May 26, 2024
UK government appoints science minister after three-month vacancy

UK government appoints science minister after three-month vacancy

Nusrat Ghani speaking at a demonstration

Nusrat Ghani is the tenth UK science minister since 2010.Credit: David Cliff/Anadolu Agency/Getty

The UK government has finally announced the name of its next science minister. Nusrat Ghani, a member of parliament for a region in the southeast of England, will fill the role, which had been vacant for three months.

The delay in appointing a minister to oversee research and innovation has unsettled many UK scientists, who fear that new Prime Minister Liz Truss does not see science as a priority.

It is a relief that someone has finally been chosen for the role, says James Wilsdon, who studies science policy at the University of Sheffield, UK. But Ghani faces “a mounting to-do list, which is long and growing”.

Ghani joins the Department for Business, Energy and Industrial Strategy (BEIS) — which oversees science — as a senior minister. She succeeds George Freeman, who quit the role in July as part of a bid to force then-prime minister Boris Johnson to resign.

She faces a litany of pressing tasks. Fraught negotiations between the UK government and the European Commission over access to the nearly €100-billion (US$99-billion) research-funding programme Horizon Europe are likely to come to a head soon.
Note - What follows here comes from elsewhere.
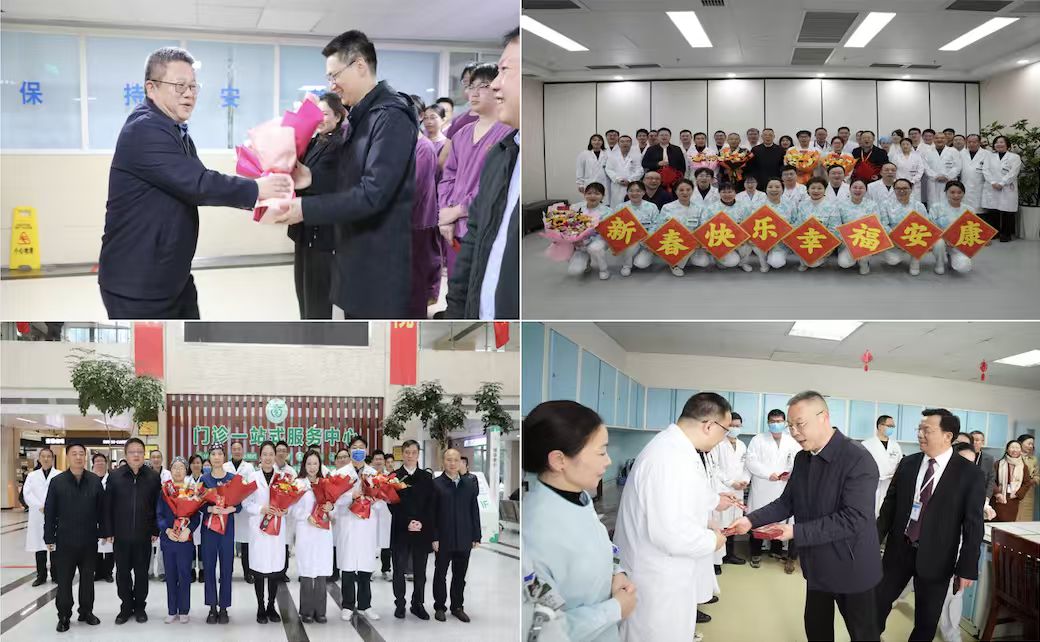 在长沙各附属医院,唐忠阳、夏昆深入各医院临床医技科室、后勤保障部门及医学教育实验楼项目建设工地,看望慰问坚守一线的医务、后勤保障、施工人员及研究生代表,感谢他们为守护人民健康作出的积极贡献,勉励他们在新的一年继续发扬优良作风,不断提升医疗服务水平,扎实做好后勤保障,全力推进有关项目建设,为健康湖南、健康中国建设贡献更多力量。唐忠阳、夏昆还看望慰问了部分援藏援疆专家,感谢他们为增进民族团结、助力当地医疗卫生事业发展作出的贡献,向他们致以节日的祝福,并叮嘱各派出医院持续做好援藏、援疆专家干部关心关爱工作。

It looks increasingly probable that UK researchers will lose access to this funding stream as a result of Brexit. That would be a major blow to cross-continent collaboration. Although the UK government has said that it is developing a domestic back-up fund called Plan B to replace this income, details are scant.

Scientists are also concerned about the rising costs of running laboratories, as energy prices soar. The value of the pound plummeted in response to fiscal policies announced by Truss’s government on 23 September. Truss, who came to power in early September, was forced yesterday to backtrack on the most controversial policy — a planned tax cut for the highest UK earners.

Her government has yet not indicated whether it will stick with the previous administration’s target of raising research and development spending to 2.4% of gross domestic product by 2027.

“The real worry now with all the fresh talk of cuts to existing spending commitments is that aspects of [the] science [funding] settlement made in 2021 may be up for discussion, particularly if association to Horizon Europe does not happen,” says Wilsdon. Last year, the UK Treasury put aside £6.9 billion (US$7.9 billion) to foot the bill for participating in Horizon Europe and other European Union science programmes, or to fund any domestic alternative, until 2024–25. It would be a significant issue for the minister if the United Kingdom did not remain part of Horizon Europe and the money to fund Plan B had been clawed back, Wilsdon adds.

In 2020, the post of science minister was demoted to a junior role; with Ghani’s appointment, it has been reinstated to a senior department-level post. But Ghani will not attend cabinet, the meetings of roughly 20 of the most senior ministers who advise the prime minister, despite calls for the science minister to do so.

Ghani is the tenth UK science minister since 2010, and comes to the brief with limited experience of research. In 2018–20, she was a junior minister in the transport department, and between 2020 and 2022 she sat on the select committee that oversees BEIS’s work. Before entering politics, Ghani worked at the charities Age UK and Breakthrough Breast Cancer, which funded research into the disease.